=== DATASET CONTENT ===
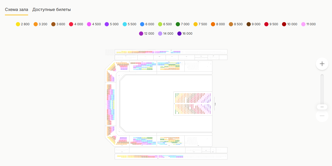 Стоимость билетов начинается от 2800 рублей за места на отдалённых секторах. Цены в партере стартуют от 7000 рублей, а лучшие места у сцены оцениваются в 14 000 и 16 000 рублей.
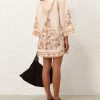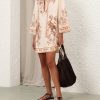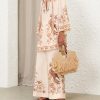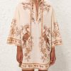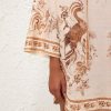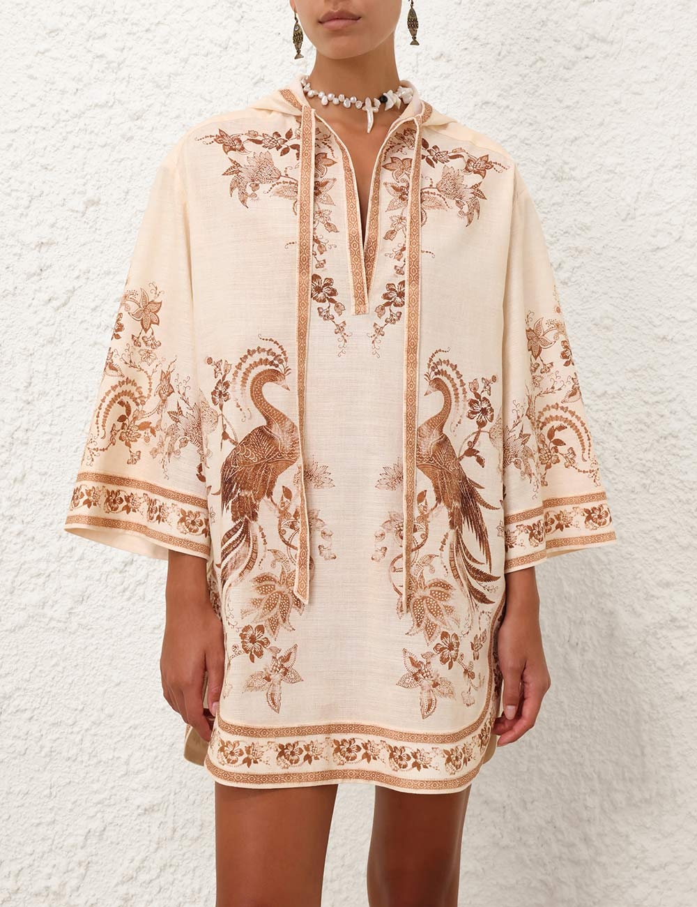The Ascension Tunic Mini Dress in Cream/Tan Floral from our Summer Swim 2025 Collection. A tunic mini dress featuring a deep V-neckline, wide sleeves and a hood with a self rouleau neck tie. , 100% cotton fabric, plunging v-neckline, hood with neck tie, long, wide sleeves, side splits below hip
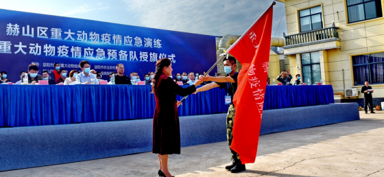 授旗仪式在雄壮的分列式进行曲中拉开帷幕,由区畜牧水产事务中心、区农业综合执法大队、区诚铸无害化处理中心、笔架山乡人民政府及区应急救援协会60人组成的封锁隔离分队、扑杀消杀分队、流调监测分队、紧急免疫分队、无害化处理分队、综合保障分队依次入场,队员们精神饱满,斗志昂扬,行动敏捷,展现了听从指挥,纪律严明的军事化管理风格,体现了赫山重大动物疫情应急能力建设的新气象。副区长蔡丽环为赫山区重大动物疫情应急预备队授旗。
===
Line by line and exactly, write out the material above. Skip the pictures.

 Стоимость билетов начинается от 2800 рублей за места на отдалённых секторах. Цены в партере стартуют от 7000 рублей, а лучшие места у сцены оцениваются в 14 000 и 16 000 рублей.
The Ascension Tunic Mini Dress in Cream/Tan Floral from our Summer Swim 2025 Collection. A tunic mini dress featuring a deep V-neckline, wide sleeves and a hood with a self rouleau neck tie. , 100% cotton fabric, plunging v-neckline, hood with neck tie, long, wide sleeves, side splits below hip
 授旗仪式在雄壮的分列式进行曲中拉开帷幕,由区畜牧水产事务中心、区农业综合执法大队、区诚铸无害化处理中心、笔架山乡人民政府及区应急救援协会60人组成的封锁隔离分队、扑杀消杀分队、流调监测分队、紧急免疫分队、无害化处理分队、综合保障分队依次入场,队员们精神饱满,斗志昂扬,行动敏捷,展现了听从指挥,纪律严明的军事化管理风格,体现了赫山重大动物疫情应急能力建设的新气象。副区长蔡丽环为赫山区重大动物疫情应急预备队授旗。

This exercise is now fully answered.